July 10, 2019 at 6:09 pm
I'm using the following SQL query to return a table with 4 columns Year
, Month
, Quantity Sold
, Stock_Code
,
SELECT yr, mon, sum(Quantity) as Quantity, STOCK_CODE
FROM [All Stock Purchased]
group by yr, mon, stock_code
order by yr, mon, stock_code
This is an example of some of the data BUT I have about 3000 Stock_Codes and approx 40 yr/mon combinations. Thus the full table has approx 20,000 rows!
I want to pivot this into a table which has a row for each SKU and columns for every Year/Month combination.

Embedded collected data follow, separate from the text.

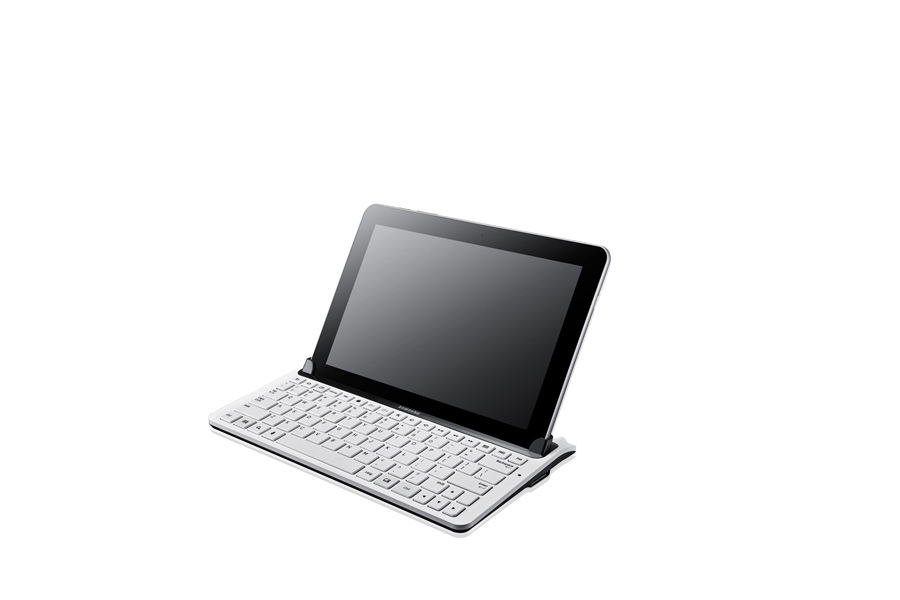 Samsung ECR-K14UWE. Produktfarbe: Weiß, Tastatur Formfaktor: Mini. Kompatibilität: Galaxy Tab 10.1. Geräteschnittstelle: Docking-Anschluss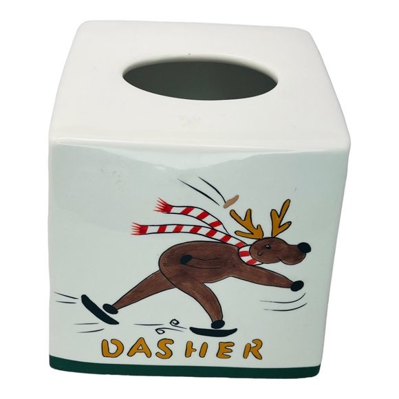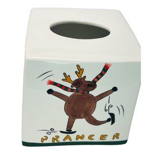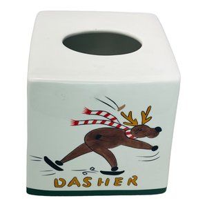 Vintage Certified International Ceramic "Prancer & Dasher" Tissue Box Cover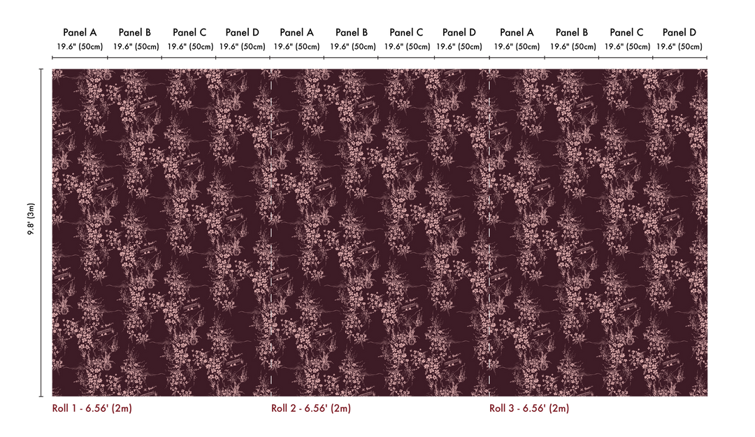 • Each roll contains 4 panels, each 19.6" wide x 118" long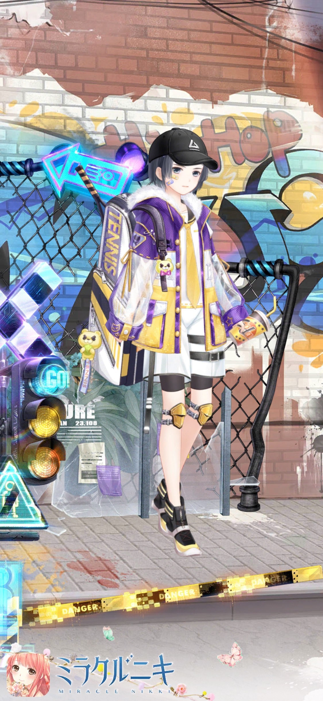 テニス活動する少年風コーディネート。紫・黄色の組み合わせで派手に。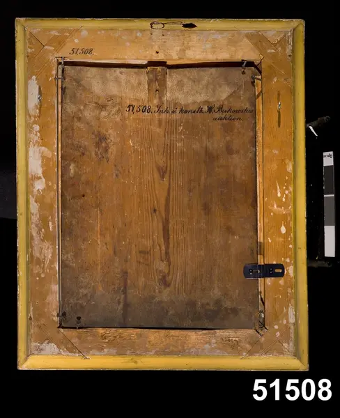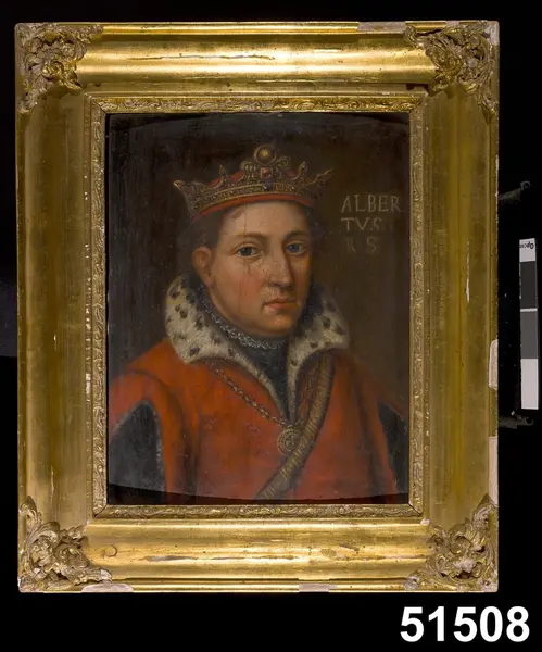 "Tavla. Porträtt av Albrekt av Mecklenburg; i olja på träpannå. Märkt:*ALBERTUS R:S'. Konung i Sverige 1364-1389. Död i Mecklenburg 1412. Enligt HL 'målning från 1600-talet (från Bukowskis tryckta förteckning.)'. I förgylld träram. Tillstånd 1981-11-27: Träpannån är slagen och lös från ramen. Ramförgyllningen har flagnat. Obs! Färglystern är förvånansvärt bra trots åldern. Bil. Je 1887. I. från Bukowskis auktion den 15 dec. 1886 för 12:- / PS 1981."

I have never used Pivot before so have done some research and have created a SQL query that I believe should work.
select * from
(SELECT yr,
mon, Quantity,
STOCK_CODE
FROM [All Stock Purchased]) AS BaseData
pivot (
sum(Quantity)
For Stock_Code
in ([4 2015]
,[5 2015]
,[6 2015]
,[7 2015]........
)
) as PivotTable
This query returns the following table:
Whereas I want col1 to be Stock_Code and col2 to show the quantity of that stock code sold in 4 2015.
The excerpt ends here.